This is a balancing eqn Im finding rather tricky:
___Fe(NH4)2(SO4)2 6H2O + ___ H2C2O4 + ___K2C2O4 + ___ H2O2 ---> ___K5Fe1(C2O2)2 3H2O + ___(NH4)2(SO4) + ___H2SO4 + ___ H2O
remember H2O2, an oxidizing agent, was used in synthesis, so youll nee to do a redox balance. Start with just iron ions, balance the rxn, then add the full formulas.
Thanks!
my mistake, the first molecule in the products should be K3Fe(C2O4)3 3H20
Check this out. You fill in the blank for water.
2,3,3,1,==>2,2,2,??H2O
I have been having trouble with this as well. Would the coefficient of water be 5,8, or 2? I have heard all of these and I got 5 when I worked it out, but I have been told that it is wrong.
To balance this equation, we need to follow these steps:
1. Start by balancing the atoms that appear in only one compound on each side of the equation.

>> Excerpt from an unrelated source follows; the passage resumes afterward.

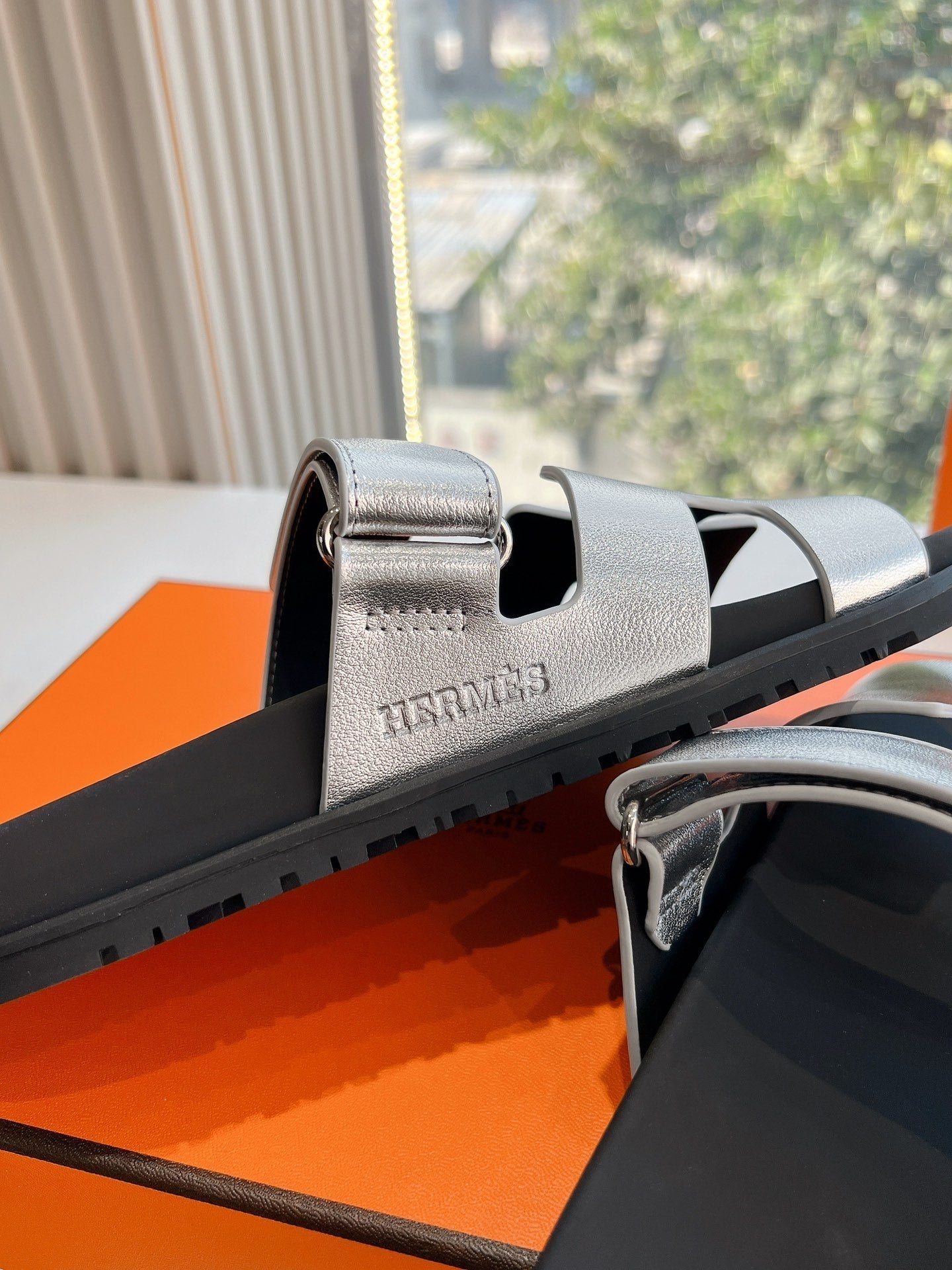 HM Chypre Sandal Silver Calfskin 202812

2. Balance the atoms that appear in more than one compound. Begin with the metals, then balance the nonmetal atoms.
3. Finally, balance the charges by adding electrons to the side that has a higher positive charge.

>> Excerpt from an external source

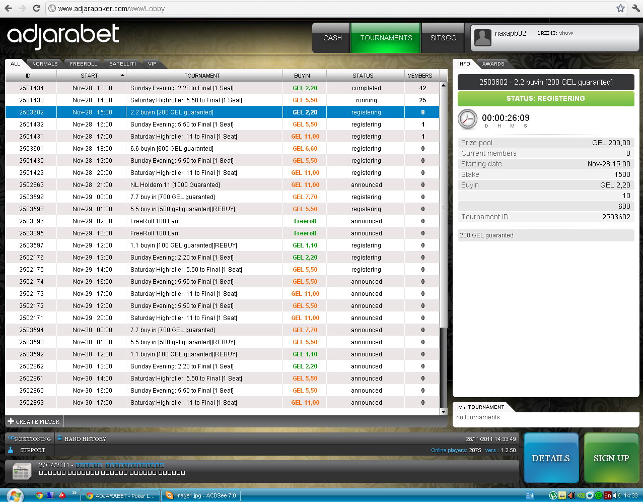 Олег, только так пока: http://www.facebook.com/AdjarabetPoker?sk=info.

Let's begin balancing the equation:
First, let's count the atoms on both sides of the equation:
Left side: 1 Fe, 2 nitrogen (N), 6 hydrogen (H), 8 oxygen (O), 2 sulfur (S), 2 carbon (C), 5 potassium (K), and 28 hydrogen (H).
Right side: 5 potassium (K), 1 iron (Fe), 4 carbon (C), 4 oxygen (O), 2 nitrogen (N), 3 hydrogen (H), 1 sulfur (S), and 30 hydrogen (H).
Now we can follow the steps to balance the equation:
1. Start by balancing the atoms that appear in only one compound on each side of the equation.
There are 2 Fe atoms on the left side, but only 1 Fe atom on the right side. To balance this, we need to put a coefficient of 2 in front of K5Fe1(C2O2)2 3H2O on the right side.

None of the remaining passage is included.